Au XVIIème siècle, on trouve bien peu d'amour entre les parents et leurs enfants : envoyés chez une nourrice dès les premiers jours ou même les premières heures de leur vie, ils ne reviennent que plusieurs années plus tard dans la maison familiale, auprès de parfaits inconnus. le séjour est bref, puisque l'étape suivante est l'entrée au couvent ou en pension jusqu'au mariage. le phénomène ne concerne pas que les plus riches, la mise en nourrice concernait toutes les classes sociales (quitte à mettre son propre enfant en nourrice pour aller s'occuper des enfants des autres).

Le changement s'opère lentement, pour plusieurs raisons : la première est une prise de conscience de la part des économistes du potentiel humain gâché : combien de bras, combien de soldats un pays perd-il chaque année à cause des mauvais soins apportés aux enfants ? Il est temps d'arrêter ce gaspillage ! Moins cynique, un autre moteur provient du courant philosophique de retour à la Nature et à la valorisation des instincts du « bon sauvage » par rapport à la civilisation corrompue : les animaux et les sauvages gardant leurs enfants près d'eux, les femmes européennes sont invitées à faire de même.

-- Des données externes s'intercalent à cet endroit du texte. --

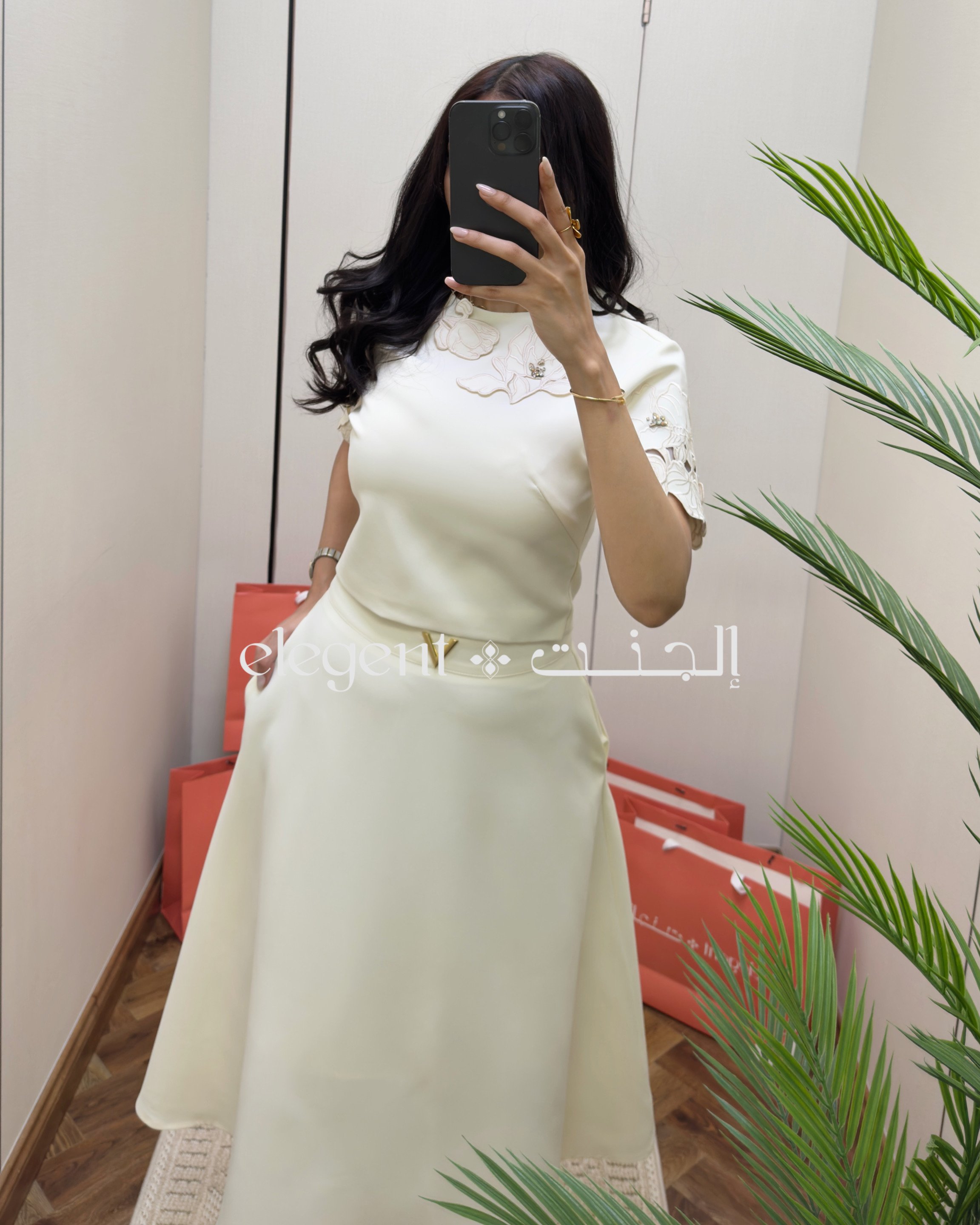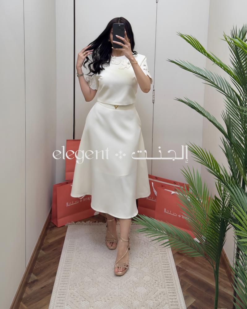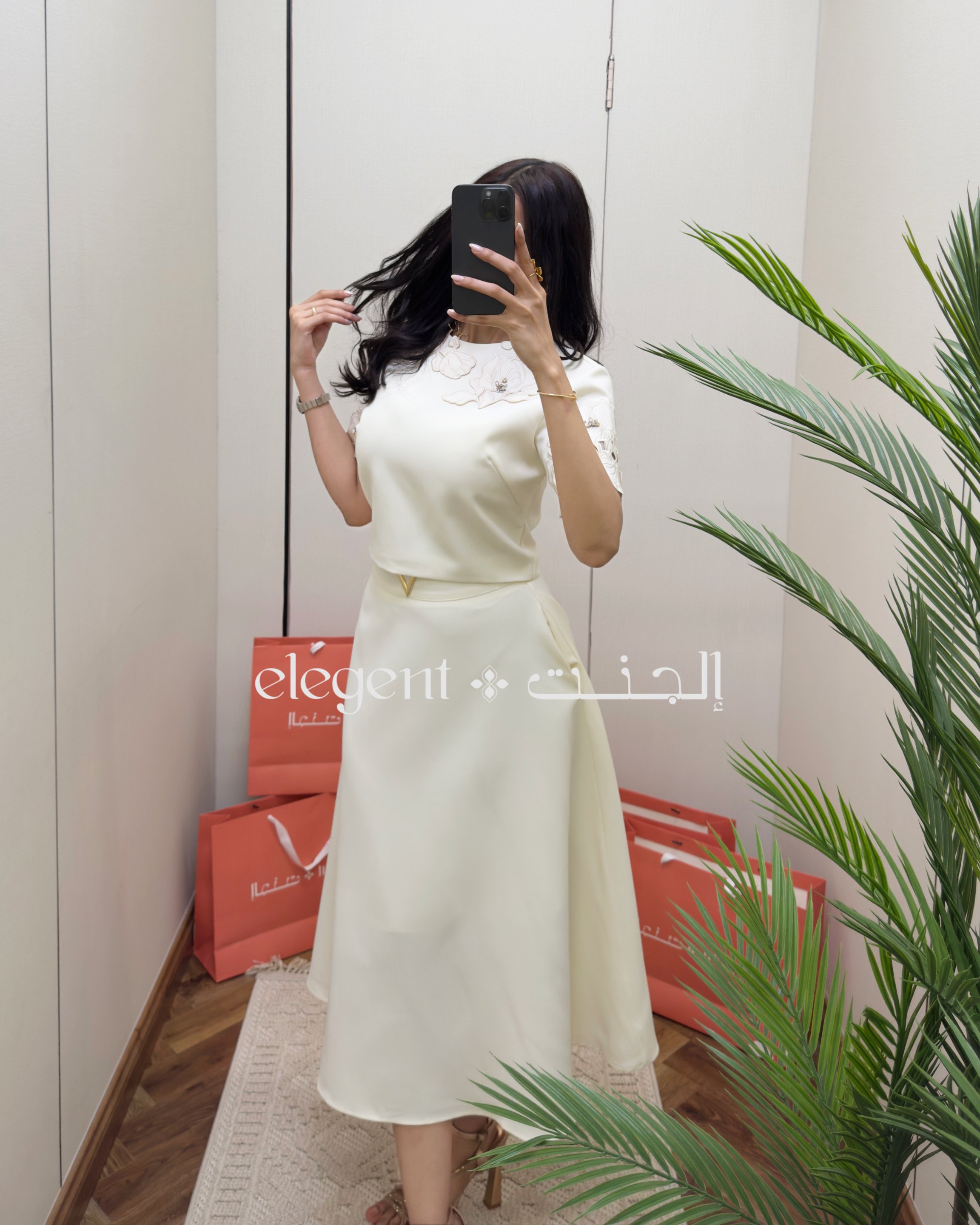يتكون الطقم من بلوزة أنثوية ذات تفاصيل ناعمة، مزينة بتطريز ورد بارز على الأكمام والصدر، مما يضفي عمقاً ثلاثي الأبعاد على التصميم. التنورة تأتي بقصة انسيابية ناعمة تعمل على تعزيز جمال الطقم وتوفير راحة مثالية أثناء ارتدائه. بالإضافة إلى ذلك، فإن القماش القابل للتمدد يضمن لك حرية الحركة في كل الأوقات.

Il faut toutefois constater que les femmes ne sont pas retournées à leur « nature profonde » de très bon gré, et qu'il a fallu quantité d'exhortations pour qu'elles entendent raison, voire même de menaces (l'égoïste qui refuse d'allaiter ne risque pas moins que la mort, diront les médecins de l'époque).

Au final, si un instinct maternel existe, il semble incapable de lutter contre les normes sociales du moment : quand l'enfant est peu considéré, et l'affection qu'on leur porte réputé dangereux pour leur éducation, les parents les abandonne à d'autres personnes sans beaucoup d'état d'âme. L'amour maternel se construit finalement comme les autres, jour après jour, au fil des contacts.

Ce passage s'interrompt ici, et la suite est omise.